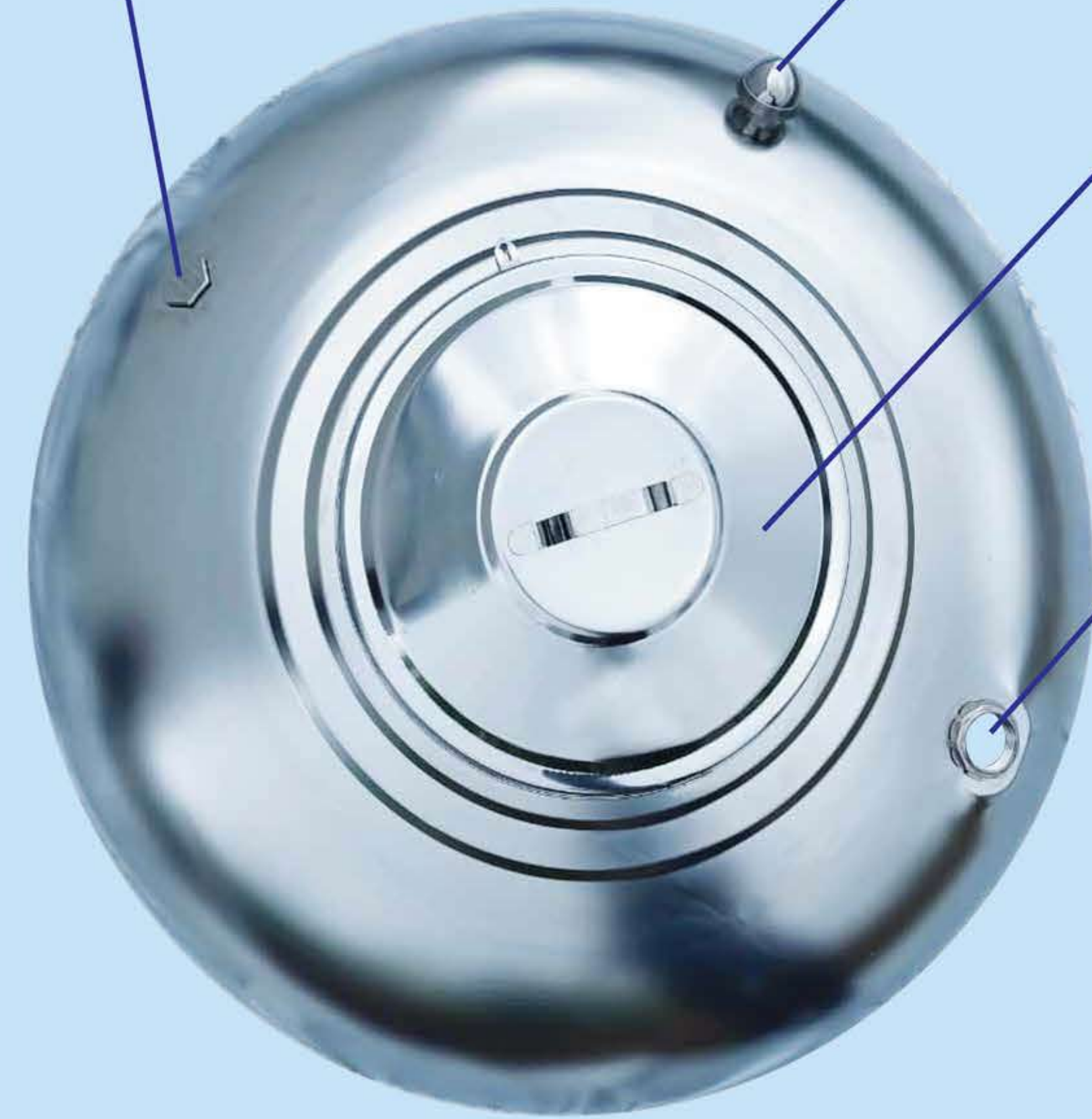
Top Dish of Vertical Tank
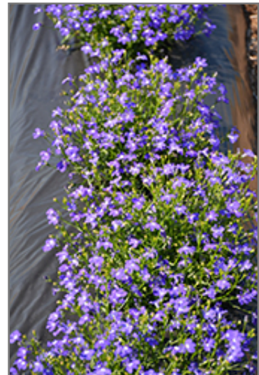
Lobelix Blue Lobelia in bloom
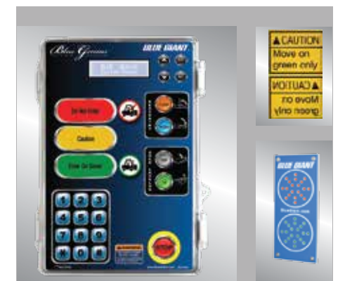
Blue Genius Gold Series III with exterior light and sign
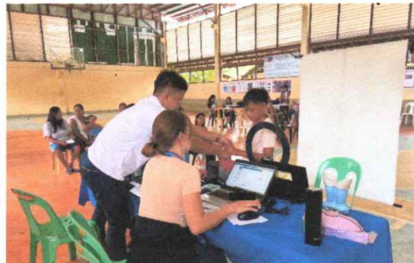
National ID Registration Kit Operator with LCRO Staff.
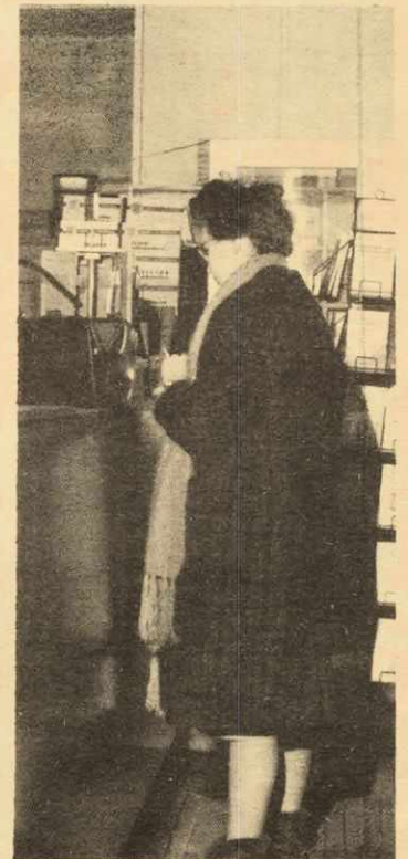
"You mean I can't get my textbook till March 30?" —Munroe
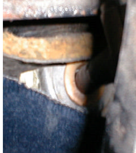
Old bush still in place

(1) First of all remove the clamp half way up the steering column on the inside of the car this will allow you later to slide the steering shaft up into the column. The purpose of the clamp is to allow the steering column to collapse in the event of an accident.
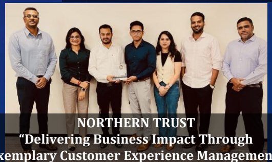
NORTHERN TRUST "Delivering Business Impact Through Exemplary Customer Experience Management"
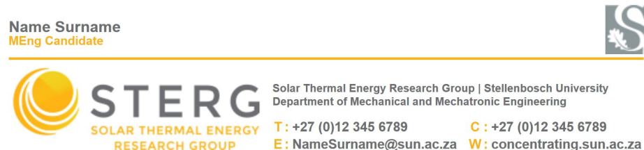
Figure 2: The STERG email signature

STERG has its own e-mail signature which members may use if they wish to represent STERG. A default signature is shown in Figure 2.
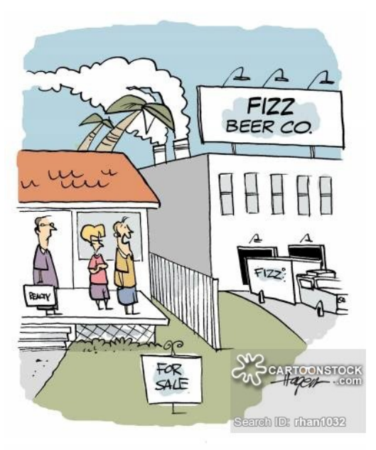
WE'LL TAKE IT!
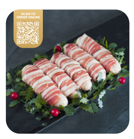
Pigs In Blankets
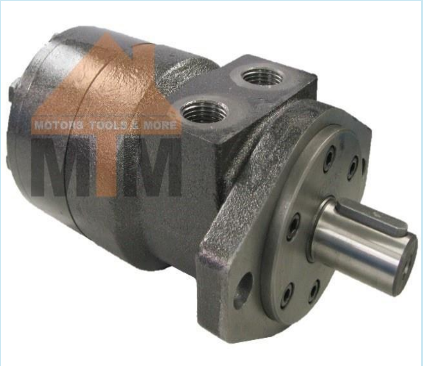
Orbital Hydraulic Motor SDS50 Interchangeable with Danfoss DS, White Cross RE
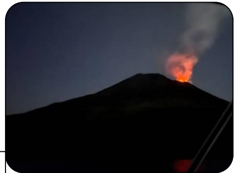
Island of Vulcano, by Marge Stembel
════
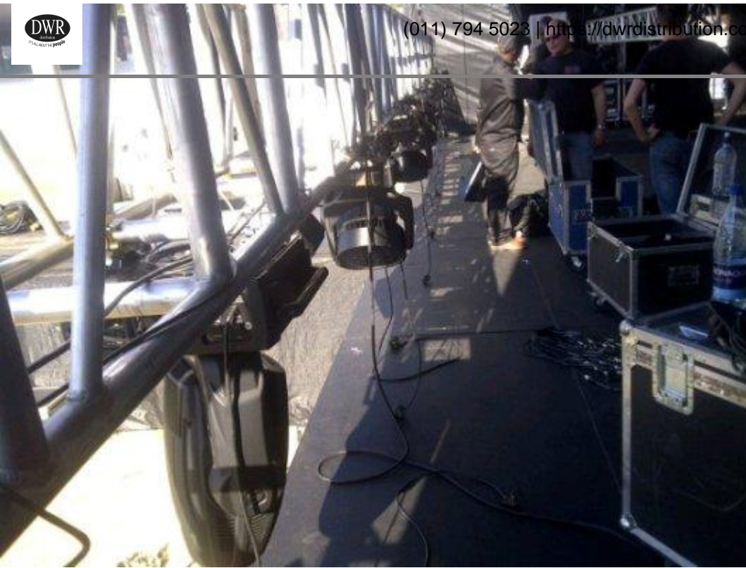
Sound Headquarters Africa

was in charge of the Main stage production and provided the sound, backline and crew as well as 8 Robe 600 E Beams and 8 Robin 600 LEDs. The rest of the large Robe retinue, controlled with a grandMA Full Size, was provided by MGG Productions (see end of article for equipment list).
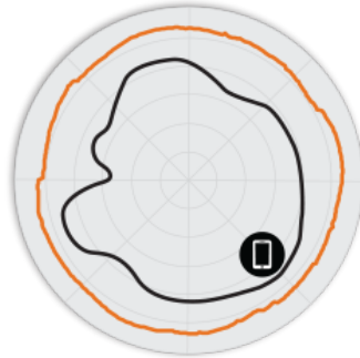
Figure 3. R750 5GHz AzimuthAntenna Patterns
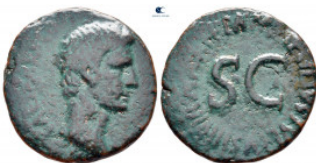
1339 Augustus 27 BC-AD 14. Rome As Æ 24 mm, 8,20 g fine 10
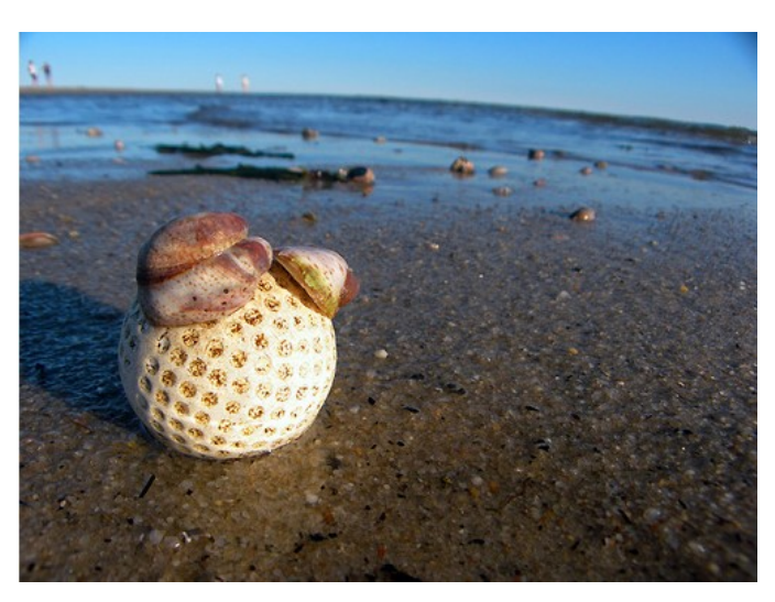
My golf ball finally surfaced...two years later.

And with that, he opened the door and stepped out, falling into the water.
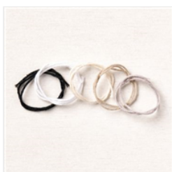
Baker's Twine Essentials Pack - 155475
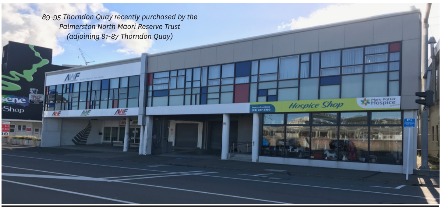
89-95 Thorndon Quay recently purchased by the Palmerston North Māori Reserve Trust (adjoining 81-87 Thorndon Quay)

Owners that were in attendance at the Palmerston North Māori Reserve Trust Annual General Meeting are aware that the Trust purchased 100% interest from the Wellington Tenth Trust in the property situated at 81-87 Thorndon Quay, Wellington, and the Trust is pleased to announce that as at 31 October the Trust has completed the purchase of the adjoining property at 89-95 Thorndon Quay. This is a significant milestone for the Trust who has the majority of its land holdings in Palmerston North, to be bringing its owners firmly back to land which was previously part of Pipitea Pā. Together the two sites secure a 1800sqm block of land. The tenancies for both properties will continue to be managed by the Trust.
════
ABOUT THIS TASK:
An exact copy is needed of the entries above, starting at the line that holds "Top Dish of Vertical Tank" and stopping at the line that holds "mean I can't", both kept; pictures stay out.

SOLUTION TO THE PROBLEM:
Top Dish of Vertical Tank
Lobelix Blue Lobelia in bloom
Blue Genius Gold Series III with exterior light and sign
National ID Registration Kit Operator with LCRO Staff.
"You mean I can't get my textbook till March 30?" —Munroe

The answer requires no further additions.